Apoyo a la Información
Dong et al. "S tRNA Concentración de datos con la Clasificación de Isoacceptors
Este conjunto de datos contiene Dong et al's
Con la concentración de datos, y la cesión de isoacceptor tipos de tRNAs: "principales", "menor", y "ninguna de las dos."
Diseño de la matriz de la regresión de Mínimos Cuadrados con 44 Operons y 11 Limitaciones
Esta es la "correcta" matriz utilizada en el análisis, uniéndose operones ribosomales
RrnC, rrnD,
Y
RrnH
Pueden ingresarse directamente en R.
Concentración y Constraint Matrix que se usan con la S2
(1 KB TXT).
Diseño Automatizado de Matriz para la regresión de Mínimos Cuadrados con 47 Operons y 13 Limitaciones
Corresponde a los grupos tDNA encontró con una agrupación radio de 300 bp utilizados en el documento, que divide aparte operones ribosomales
RrnC, rrnD,
Y
RrnH
Pueden ingresarse directamente en R.
Concentración y Constraint matriz que se usa con S4
(1 KB TXT).
OSCs y otros correlatos
Este cuadro da OSCs hizo con la "correcta" diseño de la matriz
Llamado "design_matrix.correct" y estimó por regresión de mínimos cuadrados a través del origen. Operón propiedades adicionales se recogen aquí.

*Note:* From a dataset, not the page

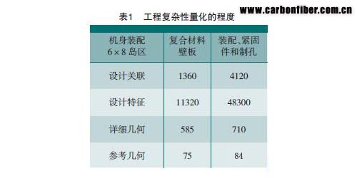 事實(shí)上,我們嘗試著量化大型航空結(jié)構(gòu)復(fù)合材料壁板的復(fù)雜性。舉個(gè)例子,對(duì)于一個(gè)由桁條和框分割的包含6×8 個(gè)島區(qū)的典型商用飛機(jī)的的航空壁板,得到如表1 所示的一組統(tǒng)計(jì)數(shù)字。創(chuàng)建了幾何參考并且保留在CAD 環(huán)境中。細(xì)節(jié)的幾何元素手動(dòng)創(chuàng)建但沒有在三維CAD 環(huán)境中提交并確認(rèn)。除了幾何數(shù)據(jù),對(duì)于復(fù)合材料蒙皮有11320 個(gè)非幾何特征,對(duì)于裝配件、緊固件、孔等有48300 個(gè)非幾何特征。這些特征不屬于三維CAD 或者PLM 的一部分。另外,這些關(guān)系沒有在三維CAD 或者PLM 中捕獲,也沒有在設(shè)計(jì)意圖中體現(xiàn)。在CAD 和PLM 軟件中有超過(guò)90% 的數(shù)據(jù)沒有捕獲并且沒有有效管理。 本文來(lái)自123

Diseño de la matriz de la regresión de Mínimos Cuadrados con 43 Operons y 10 Limitaciones
Esto es lo mismo que la "correcta", pero excluye la matriz operón
ThrX
En el presente texto. Pueden ingresarse directamente en R.
Concentración y Constraint matriz que se usa con
(1 KB TXT).
Minimal Diseño de la matriz de regresión de Mínimos Cuadrados con 44 Operons y 10 Limitaciones
Esto impone mínima expresión las posibles limitaciones a la igualdad entre los operones ribosomales
RrnC, rrnD,
Y
RrnH
Pueden ingresarse directamente en R.
Concentración y Constraint matriz que se usa con
(1 KB TXT).
Log-Perfil de Riesgo de Box-Cox Test
(4 KB EPS).

Damos las gracias a Diarmaid Hughes, Kurt Nordström, Otto Berg, Måns Ehrenberg, Charles Kurland, Johan Elf, Hugo de Boer, y los revisores anónimos de los útiles comentarios y debate, Måns Ehrenberg y Eduardo Rocha para el intercambio de manuscritos inéditos, y una subvención a reconocer desde LAK Wallenberg el Consorcio Norte y al Departamento de Asuntos Humanitarios y de Vetenskapsrådet LAK, el Consejo de Investigación sueco.